Ixekizumab every 4 wk		2.63 (2.38, 2.90)
Secukinumab 150 mg		2.17 (1.91, 2.43)
Secukinumab 300 mg		2.58 (2.33, 2.84)
Ustekinumab			2.21 (1.66, 2.76)

IL, interleukin; ML-NMR, multilevel network meta-regression; TNF, tumor necrosis factor.

The shared effect modifier assumption was made for ixekizumab and secukinumab, which are both IL-17 blockers, and so these treatments share interaction terms. Etanercept and ustekinumab were treated as belonging to separate treatment classes (TNF-α blocker and IL-12/23 blocker, respectively) and given independent interaction terms.

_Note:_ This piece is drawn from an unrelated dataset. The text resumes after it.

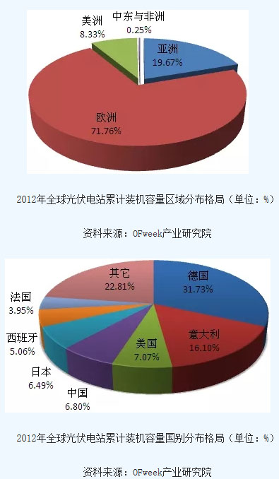 OFweek產(chǎn)業(yè)研究院數(shù)據(jù)顯示,2010年全球光伏發(fā)電總裝機(jī)容量超過(guò)40GW,主要應(yīng)用市場(chǎng)在德國(guó)、西班牙、日本、意大利,其中德國(guó)2010年新增裝機(jī)容量7GW;2011年全球新增光伏發(fā)電裝機(jī)容量超過(guò)30GW,比2010年新增13GW,至2011年底,全球光伏發(fā)電累計(jì)裝機(jī)容量達(dá)到71GW。截至2012年底,全球光伏發(fā)電累計(jì)裝機(jī)容量已超過(guò)100GW,歐洲裝機(jī)規(guī)模占全球總裝機(jī)規(guī)模的70%。其中,德國(guó)光伏電站累計(jì)裝機(jī)容量為32.41GW,占全球的31.73%,是全球累計(jì)裝機(jī)容量最大的國(guó)家;居第二位的是意大利,其光伏電站累計(jì)裝機(jī)容量為16.45GW,占全球的16.10%;居第三、四、五位的分別是美國(guó)、中國(guó)、日本,這三個(gè)國(guó)家光伏電站累計(jì)裝機(jī)容量在7GW左右,分別占7.07%、6.80%和6.49%。

All estimates are standardized mean differences versus placebo, with 95% credible intervals.

The estimated proportion of individuals in each study population achieving each PASI outcome are shown in Figure 3 and listed in Tables A.5 to A.7.

Figure 3

Estimated percentage of individuals achieving each Psoriasis Area and Severity Index (PASI) endpoint on each treatment, in the populations represented by each study in the network. For interpretability, these are given as inclusive probabilities (e.g., the probability of achieving 75% reduction or greater in PASI score). The observed event proportions are calculated from the event counts and sample sizes in each arm.

We carried out sensitivity analyses, removing covariates from the model (backward selection). The best-fitting model based on the DIC was a model omitting body surface area (DIC 8810.1, residual deviance 8777.1). The estimated population-average treatment effects and event probabilities under this model were very similar to the prespecified analysis model.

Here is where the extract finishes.